# Exercise brief
Taking the line that contains "Отбойный молоток DORN" as the start and the last line of the data as the end, repeat exactly every line in that span, but no pictures.

# Stored dataset items
══════════

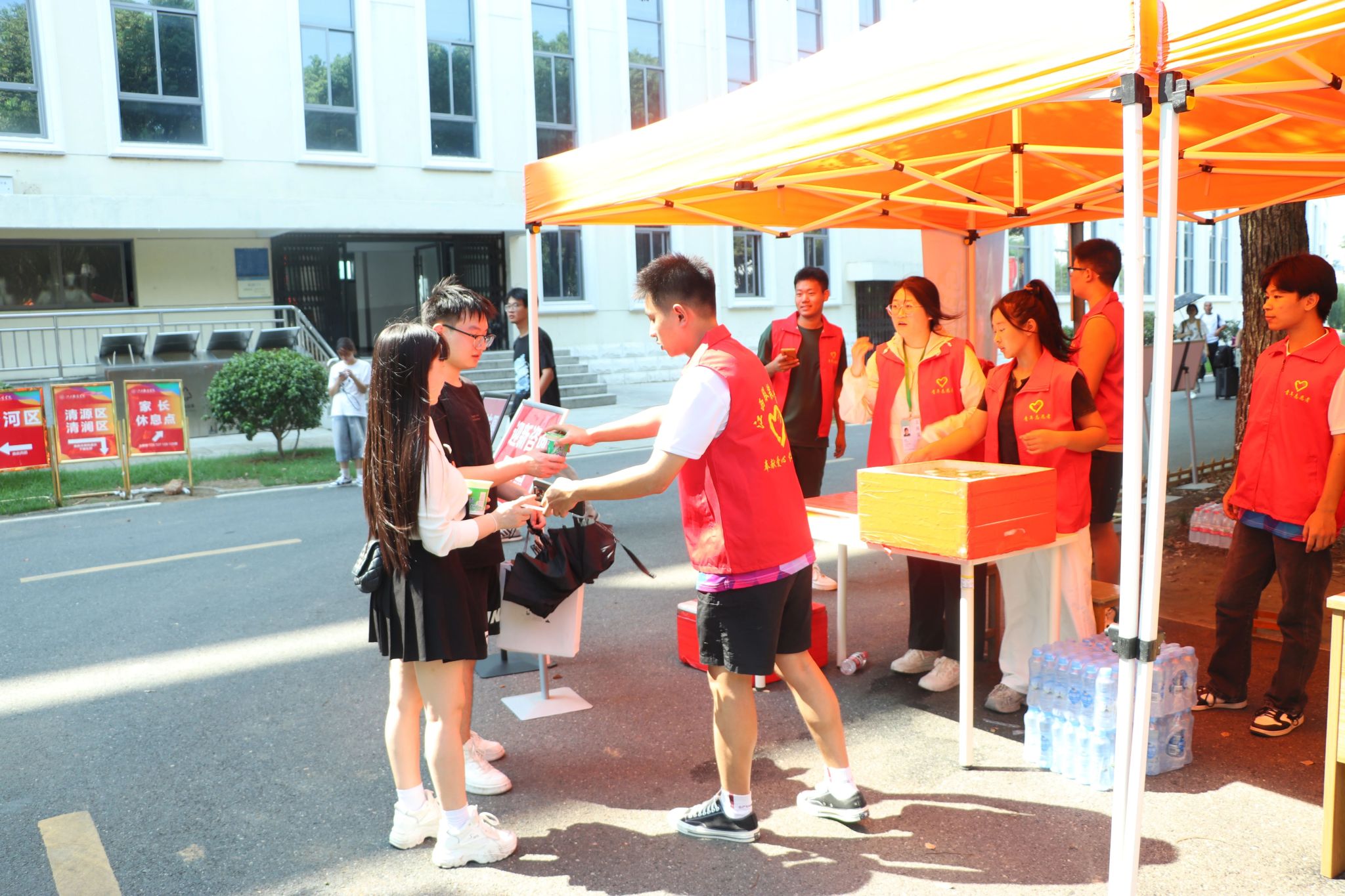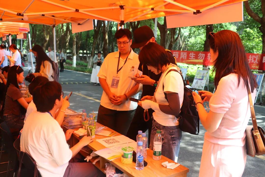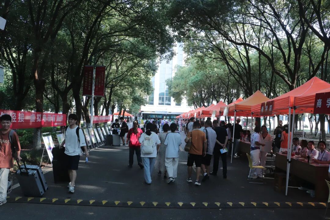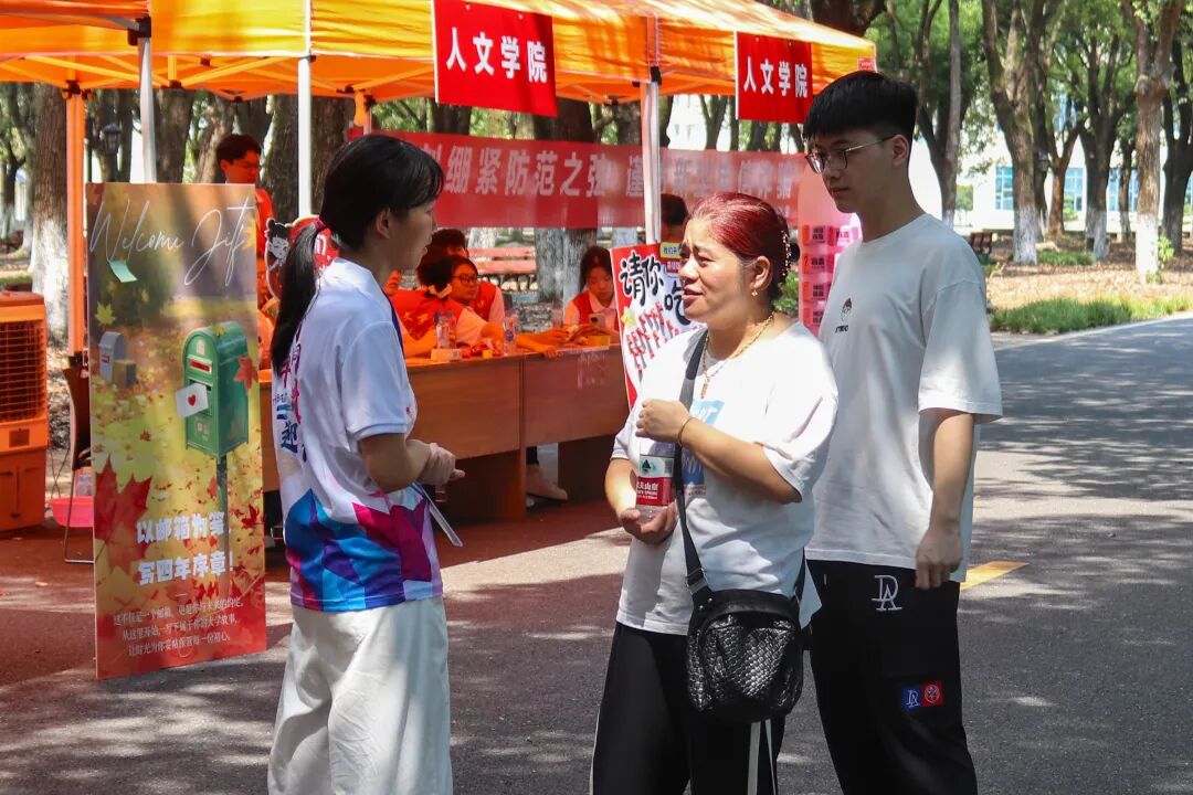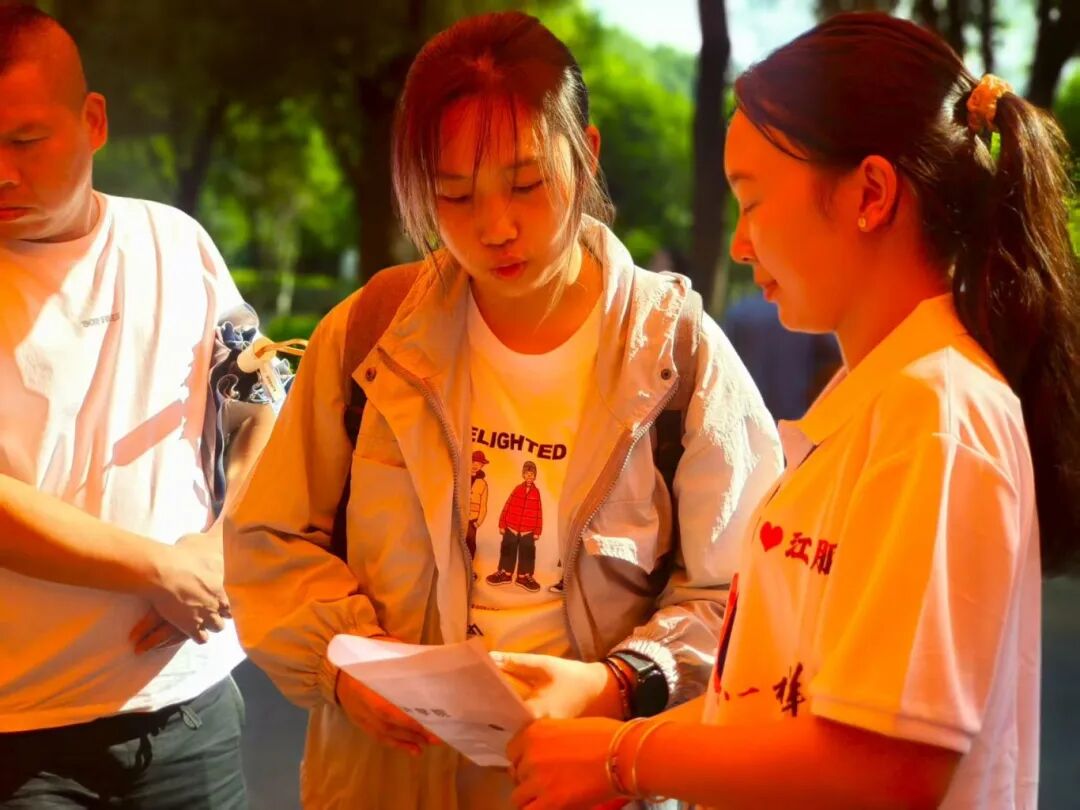 在炎热的天气里,一抹抹身着志愿服的身影格外鲜活。他们顶着骄阳穿梭奔走,额间汗珠滚落,衣衫渐渐被汗水浸透,却始终笑意盈盈:主动帮新生提拎行李、为家长指引报到路线,用最热忱的双手、最温暖的笑容,把来自江服的关怀,变成新生踏入校园的第一份感动。
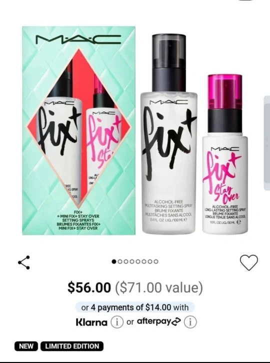 10MAC Fix+ (Classic) – lightly used once on face Hydrating, prime, refreshing mist MAC Fix+ Stay Over – unused Long-wear, alcohol-free formula Both are brand new and never used. Perfect for locking in makeup and keeping your skin fresh all day. Great deal for makeup lovers or pros!
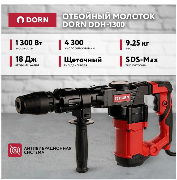 Отбойный молоток DORN DDH-1300 SDS-Max 1300 В 18 Дж информация:
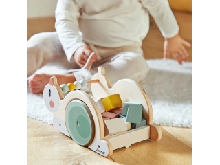 Con este juguete de estímulo 2 en 1, el bebé empieza a andar y descubre los bloques a partir de 18 meses.
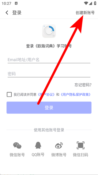 3、在登錄頁面,點(diǎn)擊創(chuàng)建新賬號(hào),進(jìn)入注冊(cè)頁面。

══════════

# Written response
 Отбойный молоток DORN DDH-1300 SDS-Max 1300 В 18 Дж информация:
 Con este juguete de estímulo 2 en 1, el bebé empieza a andar y descubre los bloques a partir de 18 meses.
 3、在登錄頁面,點(diǎn)擊創(chuàng)建新賬號(hào),進(jìn)入注冊(cè)頁面。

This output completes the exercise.